Perfumery: Techniques In Evolution IV

In November 1978, 21 years ago, I introduced the first article of the series, “Perfumery: Techniques in Evolution,” at the Fifth Convention of Perfumers in Spain. I was then a member of the Spanish Society of Cosmetic Chemists and The Professional Group of Perfumers, organizations that I quit some years later. I started talking about the word “evolution” as a key hallmark to understand our profession. At this time I described products like α-damascone, β-damascone, damascenone, calone (watermelon ketone), all virtually unknown in 1978 by almost all the perfumers in the world. I stated that these chemicals were going to be the elements making the forthcoming evolution of perfumery possible, an evolution that was a real revolution already looming over the horizon. Well, I was right. In 1978 there was not a perfume with calone in it. Now, it is one of the most successful ingredients; one with which perfumers won’t be able to work without. Damascones and damascenone where known only through the patents, through scientific papers describing minor ingredients in bulgarian rose oil, rose oxyde, neroloxyde, rose furan and p-menthen-9-al; at the time, these were used in bases such as cetylia, dorinia or damascenia. Most perfumers, exept those working with the company that patented them, used these bases without knowing which chemicals were responsible for imparting the sought-after effects of radiant, fruity and rosy nuances.

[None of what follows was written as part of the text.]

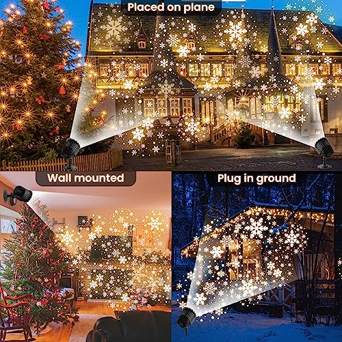 ? Enhanced Coverage: The upgraded 2023 snowflake lamp shines at 9W, providing twice the brightness of regular 5W lamps. It projects realistic snowflake effects over a wider area with greater brightness. Experience stunning storm-like snowflake displays with the fusion of 'Large Snowflake' + 'Small Snowflake' + 'Snow Dots'.

However, I said something wrong. I said that this evolution did not mean any break with perfumery’s past. Unfortunately, and at that time I did not see it, there has been a major break. Perfumery of the past, the technique used by the most excellent perfumers, Jean Carles, Edmond Roudnitzka, Ernest Beaux, Maurice Maurin, Paul Vacher, Guy Robert etc.; men and women that spent their lives expressing themselves through combinations of essential oils and chemicals were going to be hampered by several organizations that began telling us what ingredients we could and could not use; if it was allowable to use 0.1% of costus or not, even in limited amounts, for example. Italian bergamote oil, styrax, Peru balsam, cinnamon or chenopodium oils were treated as hramful. According to the logic of these organizations, the crusaders of human health, we found out that almost all essential oils were not advisable to be used except in light touches. Clary sage, black pepper, juniper berry, frankincense and laurel-leaf oils were allowed; blessed generosity by those concerned with the health of the world. Many chemicals that were discovered by enthusiastic young chemists cooperating closely with me were often stalled for years and years by these organizations, and could not be used at all.

Another branch of what I call crusaders of human ethics, those defending the rights of animals, started fighting civet, castoreum and all the rest of animal products, for the sake of saving animals from cruelty.